Find flaw, report flaw, fix flaw, get paid. Bish, bash, bosh

Facebook has patched a remote-code execution flaw discovered in one of its servers.

Researcher Daniel 'Blaklis' Le Gall, of SCRT Information Security, said on Friday he bagged a $5,000 bug bounty from the social network for reporting a flaw that could be exploited to execute arbitrary commands using malicious cookies.

Though remote code execution bugs are considered serious problems, Le Gall noted that no Facebook user data was ever exposed or accessed via the uncovered hole. The bug was patched this month prior to today's disclosure.

The programming blunder was spotted in a Facebook server running the Sentry log collection software.

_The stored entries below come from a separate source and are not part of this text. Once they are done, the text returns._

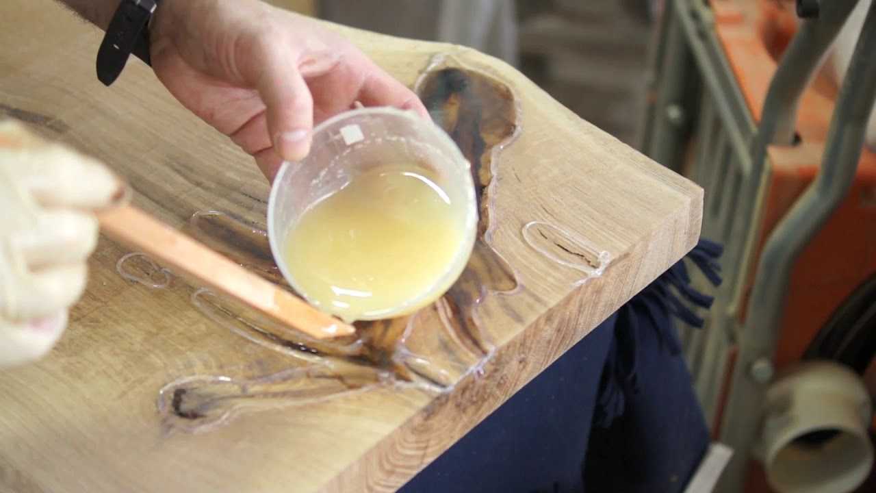 Далее, древесину следует прогрунтовать. Грунтовка древесины позволяет избежать чрезмерного впитывания дорогостоящей эпоксидной смолы, в деревянные элементы. Кроме того, чрезмерное впитывание эпоксидки в дерево, может привести к появлению ненужных пузырей. Которые могут испортить внешний вид изделия.
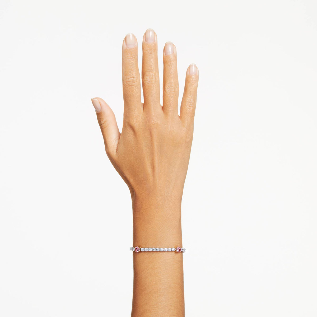 This radiant Matrix tennis bracelet is designed to thrill from every angle. An all-around design of clear round stones is interjected by round stones in alluring pink, illuminated by a rhodium plated setting. For added detail, the elongation is embellished with a scattering of dazzling stones. Elevate every celebration with this elegant piece that you'll reach for again and again.
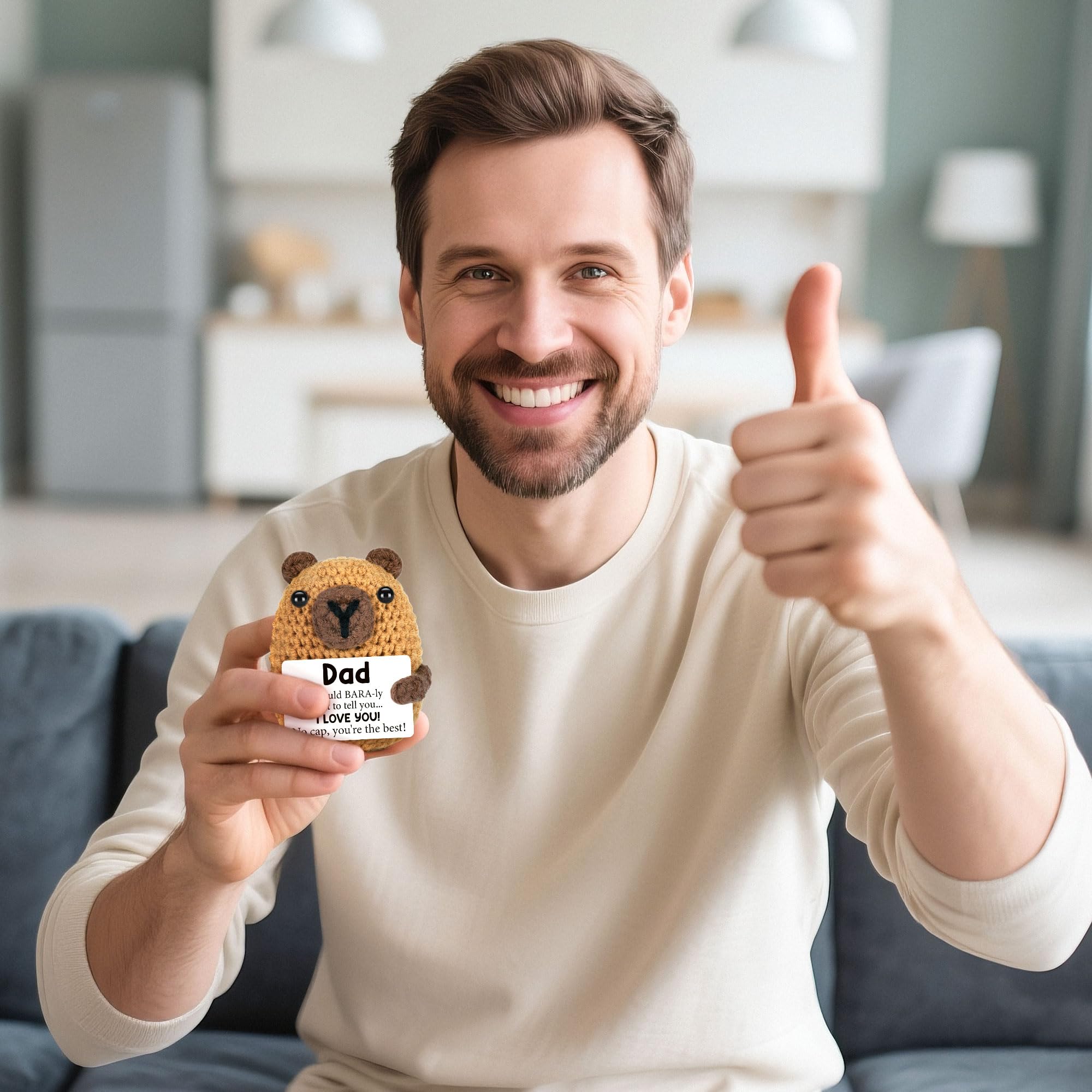 Christmas Stocking Stuffer or Secret Santa Gift for Dad. This capybara makes a perfect Christmas gift for dad who has everything. Tuck it into a stocking or leave it under the tree—it’s a handmade, meaningful keepsake that reminds him how much he’s loved. The funny message and compact size make it a great option for white elephant exchanges or as a sentimental dad Christmas gift from kids. Ideal for dads who love holiday cheer, dad jokes, and surprises with heart.
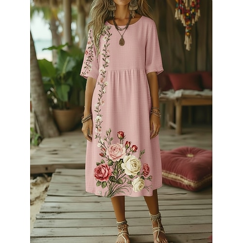 Per donna Abito Midi Finto cotone e lino Abito Boho Abito a Tubino Vestito Casual Vintage Quotidiano All'aperto Spiaggia Vestibilità comoda Floreale Mezza Manica Girocollo Blu Rosa Arancione Verde
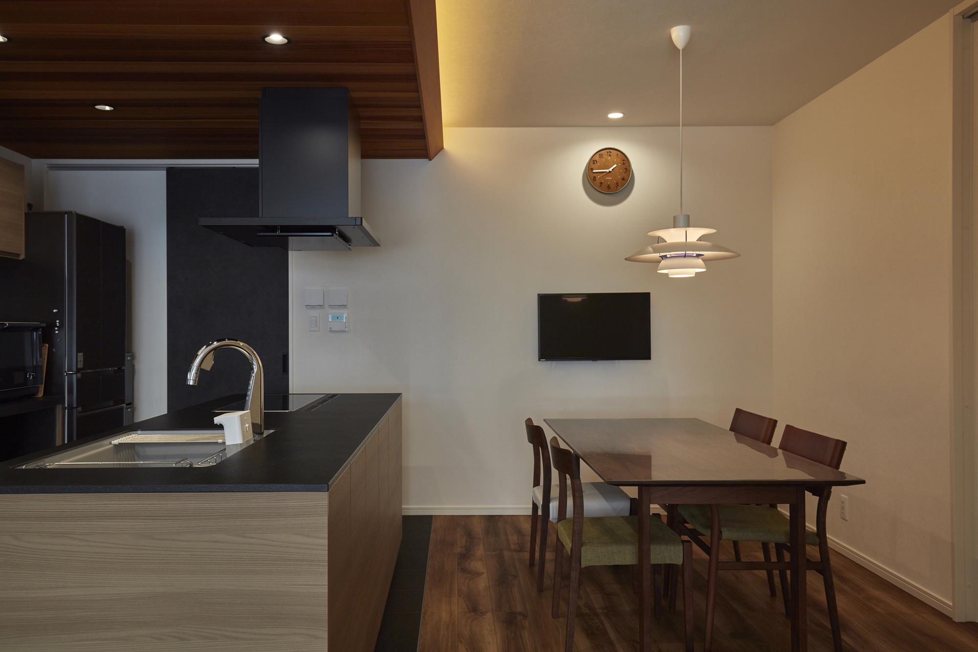 LDKの主役となるキッチンエリアには、レッドシダー材の「下がり天井」を設けています。キッチン全体を温かみのある木目で統一することで、機能的な場所に「家具のような落ち着き」を持たせました。
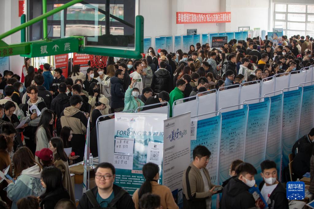 4月8日,在黑龍江工商學(xué)院松北校區體育館,求職者參加黑龍江省民辦高校就業(yè)協(xié)作體2023屆聯(lián)合招聘會(huì )。
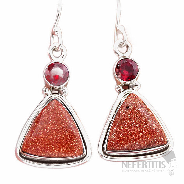 Stříbrné náušnice se slunečním avanturínem a broušeným granátem. Ag 925. Uvedená váha je celého páru. Kupujete přímo vyobrazený pár.

"While I was looking at the application, some stacktraces regularly popped on the page, for an unknown reason," Le Gall explained. "The application seemed to be unstable regarding the user password reset feature, which occasionally crashed."

Looking through the logs, the researcher noted that he was able see where in the stack the cookie details were handled, as well as spot where the application was using Pickle, a Python data serialization protocol that can be vulnerable to manipulation.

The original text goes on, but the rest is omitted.